- Problem to solve
Set down every record below exactly as it stands, minus the pictures.

[Entries taken from a collection]

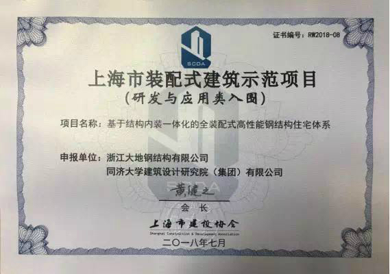 In June 2018, Longyuan Mingzhu S-SYSTEM residential product system passed the Shanghai assembly building demonstration project declaration and evaluation. Experts agreed that the product filled the gap in the field of integrated steel structure residential buildings in China.
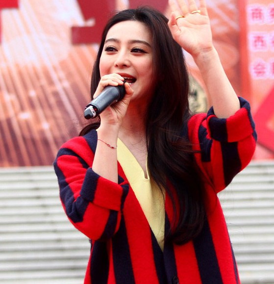 范冰冰黑丝金裙搭条纹装惊艳 西安捞金遇汪涵(组图)
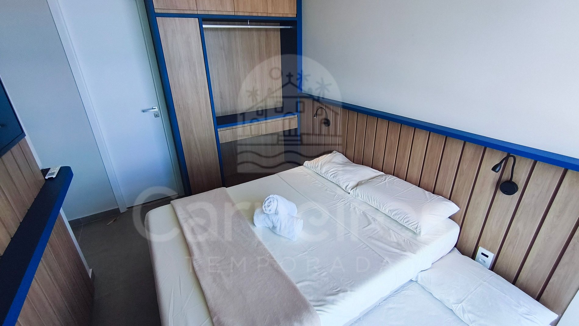Quarto: 01 cama de casal + 01 bicama, armário e ar-condicionado;
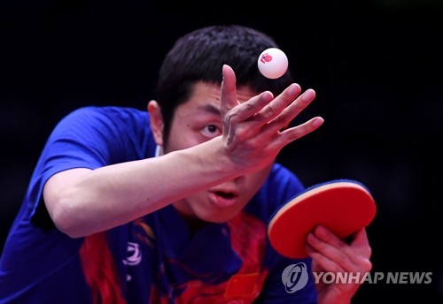 Xu Xin of China in action in the Men's Singles Quarterfinals match two against Hugo Calderano of Brazil during the ITTF World Tour Australia Open 2019 in Geelong, Australia, 13 July 2019. EPA/TRACEY NEARMY
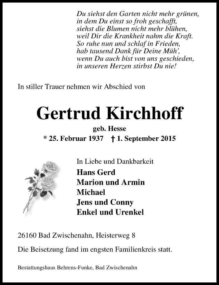 Hier finden Sie alle Traueranzeigen aus der Zeitung, die bisher für Gertrud Kirchhoff erschienen sind. Weitere Traueranzeigen, die in der Zeitung erscheinen, werden hier ebenfalls aufgelistet
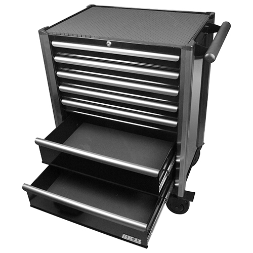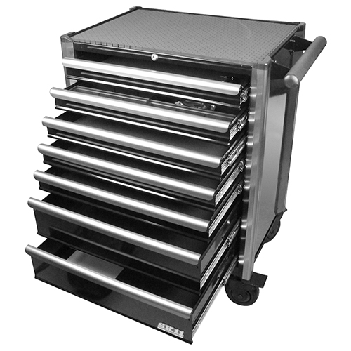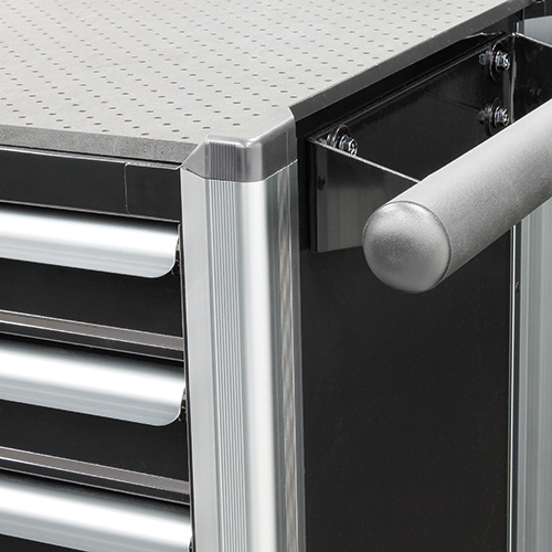 □ 1.2mm厚鋼板を多用し、さらにキャスター部等には補強用鋼板を使用、内部には5本の補強用インナーピラーを使用しています。
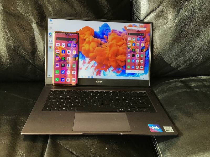 Ahora bien, lo que hace destacar a este equipo por sobre otros de similares características en su software propietario llamado PC Manager. Este es un programa que ya estaba presente en los computadores de Huawei y que permite, con un solo toque, llevar casi de forma literal a tu teléfono dentro del PC. Esto significa tener una ventana al costado con un espejo de tu teléfono y con control total desde el computador. Es decir, puedes revisar apps, notificaciones, enviar mensajes e interactuar con tu teléfono sin tocarlo. Incluso puedes arrastrar fotos, videos y archivos desde el teléfono a tu computador como si se tratara de una ventana más.
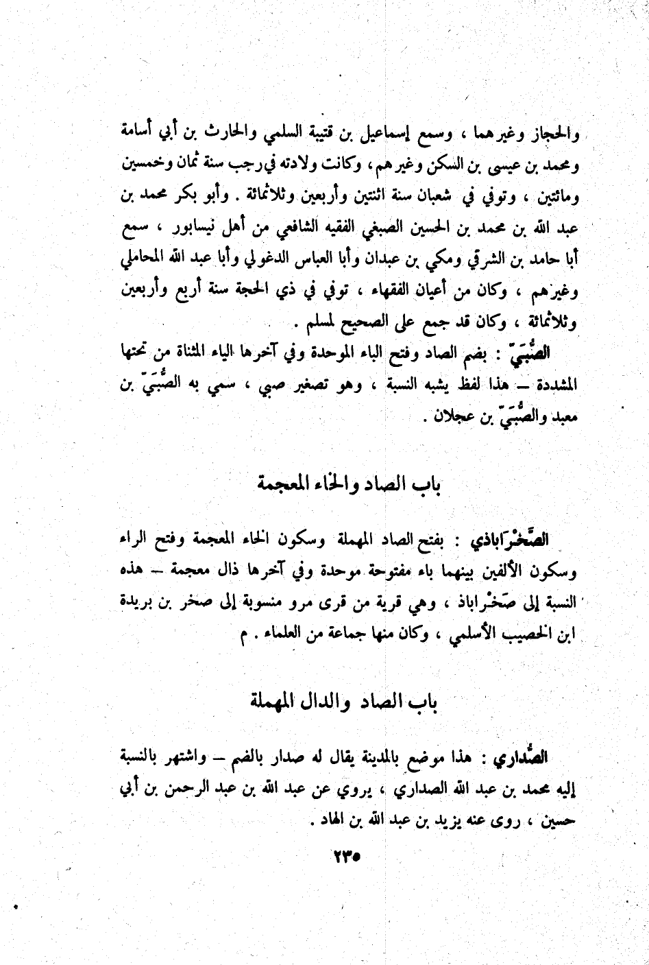 والحجاز وَغَيرهمَا وَسمع إِسْمَاعِيل بن قُتَيْبَة السّلمِيّ والْحَارث بن أبي أُسَامَة وَمُحَمّد بن عِيسَى بن السكن وَغَيرهم وَكَانَت وِلَادَته فِي رَجَب سنة ثَمَان وَخمسين وَمِائَتَيْنِ وَتُوفِّي فِي شعْبَان سنة اثْنَتَيْنِ وَأَرْبَعين وثلاثمائة وَأَبُو بكر مُحَمَّد بن عبد الله بن مُحَمَّد بن الْحُسَيْن الصبغي الْفَقِيه الشَّافِعِي من أهل نيسابور سمع أَبَا حَامِد بن الشَّرْقِي ومكي بن عَبْدَانِ وَأَبا الْعَبَّاس الدغولي وَأَبا عبد الله الْمحَامِلِي وَغَيرهم وَكَانَ من أَعْيَان الْفُقَهَاء توفّي فِي ذِي الْحجَّة سنة أَربع وَأَرْبَعين وثلاثمائة وَكَانَ قد جمع على الصَّحِيح لمُسلم
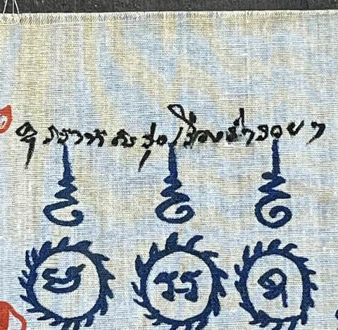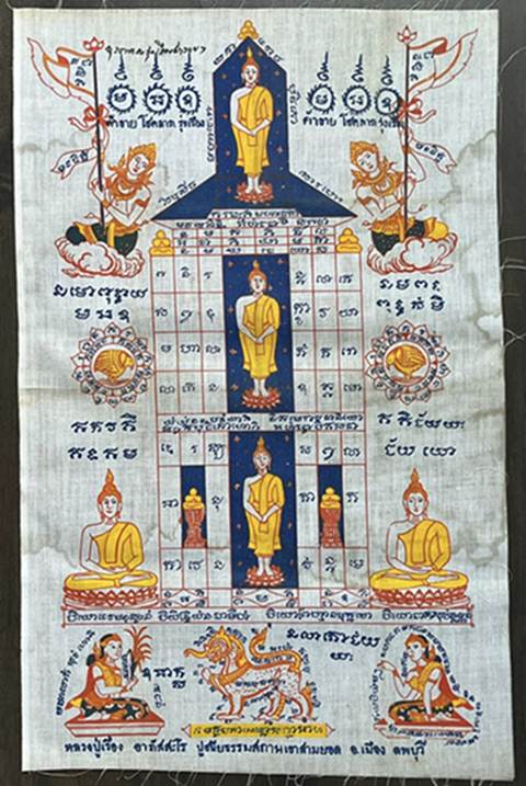 ผ้ายันต์เมตตาค้าขาย รุ่นแรก หลวงปู่เรือง วัดเขาสามยอด ปี 39 ขนาด 14.5 x 23 นิ้ว สภาพตามรูป เตาะเดียวแดงครับ

- Task solution
 In June 2018, Longyuan Mingzhu S-SYSTEM residential product system passed the Shanghai assembly building demonstration project declaration and evaluation. Experts agreed that the product filled the gap in the field of integrated steel structure residential buildings in China.
 范冰冰黑丝金裙搭条纹装惊艳 西安捞金遇汪涵(组图)
Quarto: 01 cama de casal + 01 bicama, armário e ar-condicionado;
 Xu Xin of China in action in the Men's Singles Quarterfinals match two against Hugo Calderano of Brazil during the ITTF World Tour Australia Open 2019 in Geelong, Australia, 13 July 2019. EPA/TRACEY NEARMY
 Hier finden Sie alle Traueranzeigen aus der Zeitung, die bisher für Gertrud Kirchhoff erschienen sind. Weitere Traueranzeigen, die in der Zeitung erscheinen, werden hier ebenfalls aufgelistet
 □ 1.2mm厚鋼板を多用し、さらにキャスター部等には補強用鋼板を使用、内部には5本の補強用インナーピラーを使用しています。
 Ahora bien, lo que hace destacar a este equipo por sobre otros de similares características en su software propietario llamado PC Manager. Este es un programa que ya estaba presente en los computadores de Huawei y que permite, con un solo toque, llevar casi de forma literal a tu teléfono dentro del PC. Esto significa tener una ventana al costado con un espejo de tu teléfono y con control total desde el computador. Es decir, puedes revisar apps, notificaciones, enviar mensajes e interactuar con tu teléfono sin tocarlo. Incluso puedes arrastrar fotos, videos y archivos desde el teléfono a tu computador como si se tratara de una ventana más.
 والحجاز وَغَيرهمَا وَسمع إِسْمَاعِيل بن قُتَيْبَة السّلمِيّ والْحَارث بن أبي أُسَامَة وَمُحَمّد بن عِيسَى بن السكن وَغَيرهم وَكَانَت وِلَادَته فِي رَجَب سنة ثَمَان وَخمسين وَمِائَتَيْنِ وَتُوفِّي فِي شعْبَان سنة اثْنَتَيْنِ وَأَرْبَعين وثلاثمائة وَأَبُو بكر مُحَمَّد بن عبد الله بن مُحَمَّد بن الْحُسَيْن الصبغي الْفَقِيه الشَّافِعِي من أهل نيسابور سمع أَبَا حَامِد بن الشَّرْقِي ومكي بن عَبْدَانِ وَأَبا الْعَبَّاس الدغولي وَأَبا عبد الله الْمحَامِلِي وَغَيرهم وَكَانَ من أَعْيَان الْفُقَهَاء توفّي فِي ذِي الْحجَّة سنة أَربع وَأَرْبَعين وثلاثمائة وَكَانَ قد جمع على الصَّحِيح لمُسلم
 ผ้ายันต์เมตตาค้าขาย รุ่นแรก หลวงปู่เรือง วัดเขาสามยอด ปี 39 ขนาด 14.5 x 23 นิ้ว สภาพตามรูป เตาะเดียวแดงครับ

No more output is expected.